In five weeks, one of the presidential campaigns will be proven wrong.
That's because strategists for both President Joe Biden and former President Donald Trump believe the upcoming televised debates will favor their candidates.
The Biden campaign believes the June 27 and Sept. 10 showdowns will remind uncertain voters that the 2024 election is in fact a rematch of the 2020 showdown and will once again portray Trump as a destabilizing and disruptive figure during his first term.
The Trump campaign believes the debate showed Biden far past his prime and vindicated the former president's assessment that he was “the worst debater I've ever faced. He can't string two sentences together.”
The Biden campaign believes it has entrapped the former president into accepting the debate on terms Biden does not like, including no audience for the former reality TV star to perform in and mute buttons to stop the candidates from interrupting each other — a favorite tactic of Trump.
The Trump campaign believes former President Biden's repeated recent debate challenges have forced Biden to accept not one, but two debates, despite his desire to avoid them altogether.
But behind the rhetoric and claims, there have always been presidential debates — at least two in every election since 1976, when rivals Jimmy Carter and President Gerald Ford were hoping to end a 16-year hiatus in a closely contested election that they both believed would go to their advantage.
Sound familiar?
Recent polls have shown Biden has all but erased Trump's initial small national lead, but he still faces the challenge of securing enough battleground states to secure the 270 electoral votes he needs.
Meanwhile, the results of recent presidential primaries, in which Biden and Trump faced virtually no challengers for the nomination they had already secured, suggested neither had the base they needed to win.
Trump's most likely Republican challenger, former South Carolina Gov. Nikki Haley, has the approval rating of just one in five Republicans but is backing her party's potential nominee.
Biden continues to lose support from a small minority of younger, more progressive Democrats who cast undecided votes to signal their opposition to his Middle East policy.
As a result, despite spending tens of millions of dollars on advertising targeted at specific parts of the coalition that won him the 2020 presidential election, Trump is still falling short of his campaign goals among minorities and young people who he needs in large numbers to win. Indeed, some polls have shown Trump leading Biden among voters under 30.
Presidential strategists say polls showed that even after Trump won the Republican nomination in March, many voters did not expect the president to face off again against a rival he narrowly beat four years ago.
In that situation, they feel a debate between the two would help overcome those doubts – and it's a necessary gamble for the White House, which has sought to protect Biden from surprises as much as possible.

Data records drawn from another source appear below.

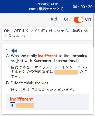付箋を外しながら、TOEIC本番レベルの例文の文脈ごと、単語を覚えていきます。音声も活用することで、単語知識だけではなく、リーディング力・リスニング力も含めた実践力も引き上げます。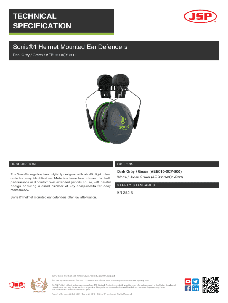This document provides a detailed technical specification for the Sonis®1 Helmet Mounted Ear Defenders, highlighting safety standards, materials used, performance features, and customization options. It outlines the design, comfort, hygiene, and compatibility with various helmet systems. The ear defenders are suitable for various industries and applications.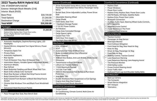 Discover the perfect blend of efficiency, style, and capability with this stunning 2023 Toyota RAV4 Hybrid XLE. Boasting a sleek black exterior and a spacious, well-appointed interior, this SUV is the ultimate combination of form and function.
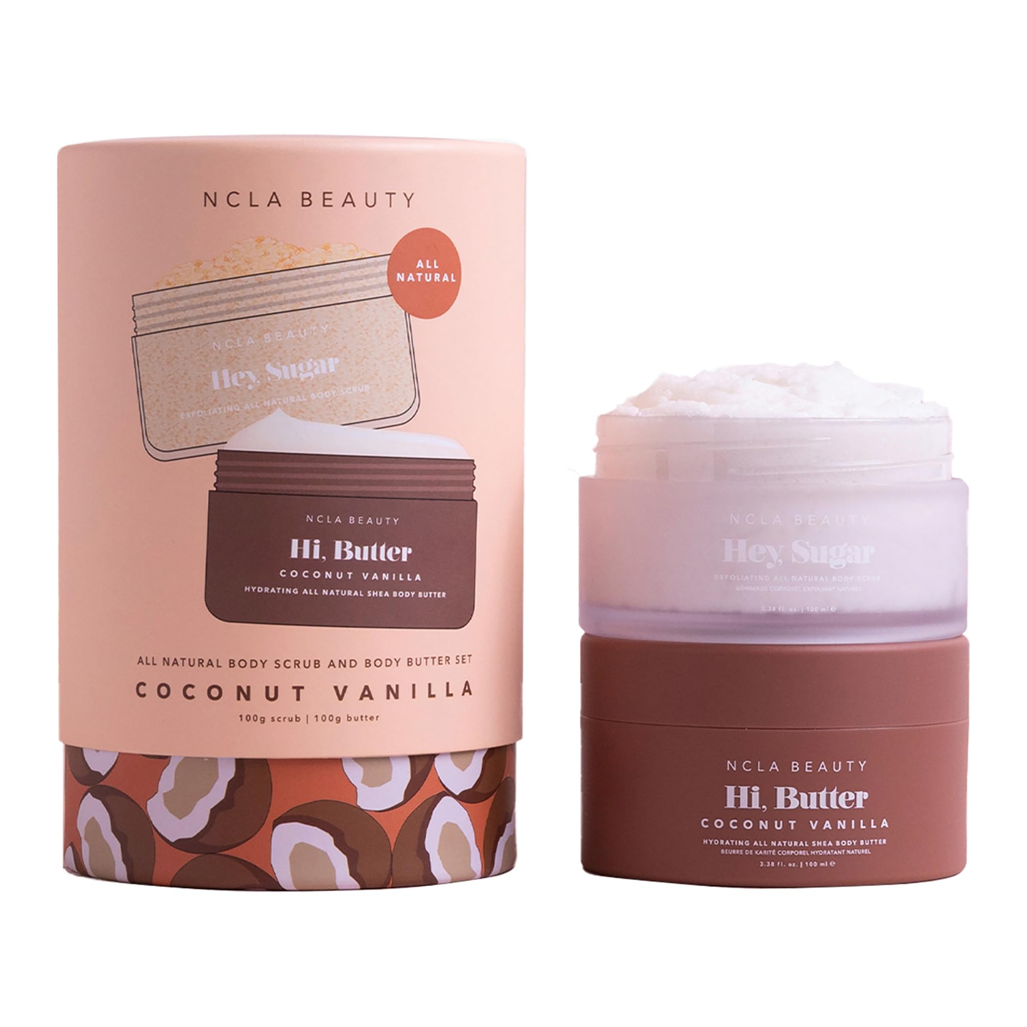 NCLA Beauty All Natural Body Scrub and Body Butter - Exfoliating Sugar Scrub and Moisturizer with Natural Butters and Oils - Coconut Vanilla - 2 pc

But they also feel that, as in 2020, Trump is underestimating Biden's experience in handling such encounters and will lower expectations for the president by repeatedly labelling him an incompetent debater and weak leader.
Indeed, at key moments over the past four years, Biden has tended to exceed expectations when the situation demands it: his acceptance speech at the 2020 convention, his performance in the 2020 general election debates, and his past two State of the Union addresses.
Perhaps both candidates are still new to the action. Neither has debated since the two in 2020, when both shunned their primary rivals. Trump prefers rallies where he can lash out at his favorite targets without being refuted, rather than rallies where he's guaranteed to be cheered by his fans. Biden prefers a canned speech that lets him define the terms of the debate.
But both men were comfortable with the likely exclusion of wild-card candidate Robert F. Kennedy Jr., who currently enjoys about 10 percent support nationally. He probably wouldn't meet the poll numbers and state voting qualifications required by debate organizers, but that could ultimately be the deciding factor between Mr. Biden and Mr. Trump in the closest states.
Without Kennedy, the debate may well reflect the nature of this election: a choice between stability and chaos.
It's important to remember that initial signs of success after a debate, such as instant polls, are dubious indicators of who will win an election. John F. Kennedy's strong performance in the first debate in 1960 led to his narrow victory, but since then, candidates' gaffes have often had a much larger impact.
In 1976, President Ford's puzzling comment that Communist-ruled Poland was free clearly contributed to his defeat, as did Democrat Mike Dukakis' weak response to a question about the death penalty in 1988, former President George Bush being filmed looking at his watch during a town hall debate in 1992, and former Vice President Al Gore's exaggerated reaction when he first met former President George W. Bush in 2000.
Meanwhile, former President Ronald Reagan bounced back from a scattershot first debate closing in on his age in the second debate in 1984, and former President Barack Obama bounced back from a weak performance in the 2012 debate that reflected overconfidence.
The defining moments of the post-debate debate will have an impact on the days and weeks to come, but there are still four months until the election, including two party conferences and at least one more debate.
So what happens on June 27th may be the beginning of the end, but it's not the end.